Rather than heap the requisite praise upon Rumsfeld, outspoken libertarian…Stossel said he didn't know why he was assigned to introduce Rumsfeld because "I'm very skeptical of our involvement in many parts of the world."

"We're going broke. Can we afford to keep spending 600 billion dollars on our military?" he reportedlycontinued on during the introduction.
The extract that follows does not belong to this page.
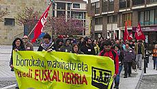 Maiatzaren lehenean, langileriaren nazioarteko egunean, milaka lagun atera ziren kalera Euskal Herrian, mobilizatu eta kalera ateratzeko arrazoi ugari daudela erakusteko. LAB sindikatuak Altsasun deitu zuen manifestazioa, ELAk bere jarraitzaileak Bilbon bildu zituen eta UGT eta CCOO sindikatuek manifestazio bateratua egin zuten Iruñean. ELAko Adolfo Muñozek "mobilizatu beharra dagoela" aldarrikatu zuen, maiatzaren 30erako deituta dagoen greba orokorrera deituz. CCOOek eta UGTk adierazi zuten "urteetan lortutako eskubideak atzaparkada batean desager daitezkeela", eta besteak beste "murrizketei buruzko erreferenduma edo, bestela, hauteskundeetara deitzeko" galdegin zuten. Sakanaren errekorra: 2008 langabetuLABek Altsasun deitutako manifestazioarekin 400 pertsonek egin zuten bat. "Sakanan eta beste 23 eskualdeetan milaka langile atera ditugu kalera" nabarmendu zuten bukaerako ekitaldian. Krisia sortu zuela 6 urte pasa direla gogoratu zuten, eta Euskal Herriak "emergentzia egoera" bizi duela. "Sakanak errekor berri bat du: langabetuak gaur 2008 dira Sakanan. Gazteen gehiengoa langabezian dago, langabetuen erdia baino gehiago emakumea da eta langabetuen %40ak lan bat aurkitzen zailtasunak izango dituzten 45 urtetik gorako langileak dira. Itxitako enpresek enpresa txiki eta komertzioak zulora eraman ditu" azpimarratu zuen LABeko ordezkariak. Sakanaren egoera gordinaren isla, elikagai bankuak plazaratutako datua ekarri zuen: "2012 urtean Sakanan 59 tona elikagai banatu ziren". Honi guztiari aurre egiteko "2010an abiatutako bide propioa" ekarri zuten gogora. "Sakanatik Sakanarako eredua bulkatzen ari gara eta horretarako guztien ekarpenak beharrezkoak dira". Ildo horretan, maiatzaren 30eko grebarekin bat egiteko deia egin zuen LABek. "Sakanan 7. greba orokorraren aurrean gaude, baina mobilizazioak beharrezkoak dira, gauza asko lortzen dituztelako, Sunsundegui ez ixtea, kasu" ondorioztatu zuten. Bestalde, Sunsundeguiko kaleratuak izan zituen gogoan Sakanako LABeko arduradunak. "Jazarpen sindikala jasan dute, eta euren borrokagatik ez balitz gaur Sunsundegui itxita egonen litzateke" azpimarratu zuten.

Stossel has long been a critic of bloated government spending on all things — from entitlements to the military to free golf-carts.

Rumsfeld for his part insisted that military spending is no problemo–it's just "entitlements" that we have to worry about, sounding very entitled on the part of the ever-growing and ever-hungry-for-more military machine.

It is difficult to say that programs that constitute around 20 percent of the budget and have almost doubled in the past decade in constant dollar terms, programs that provide almost nothing of actual value to the people of the United States other than killing people, making enemies, continuing outmoded alliances, and feeding the military-industrial complex, can be ignored when it comes to managing the federal budget.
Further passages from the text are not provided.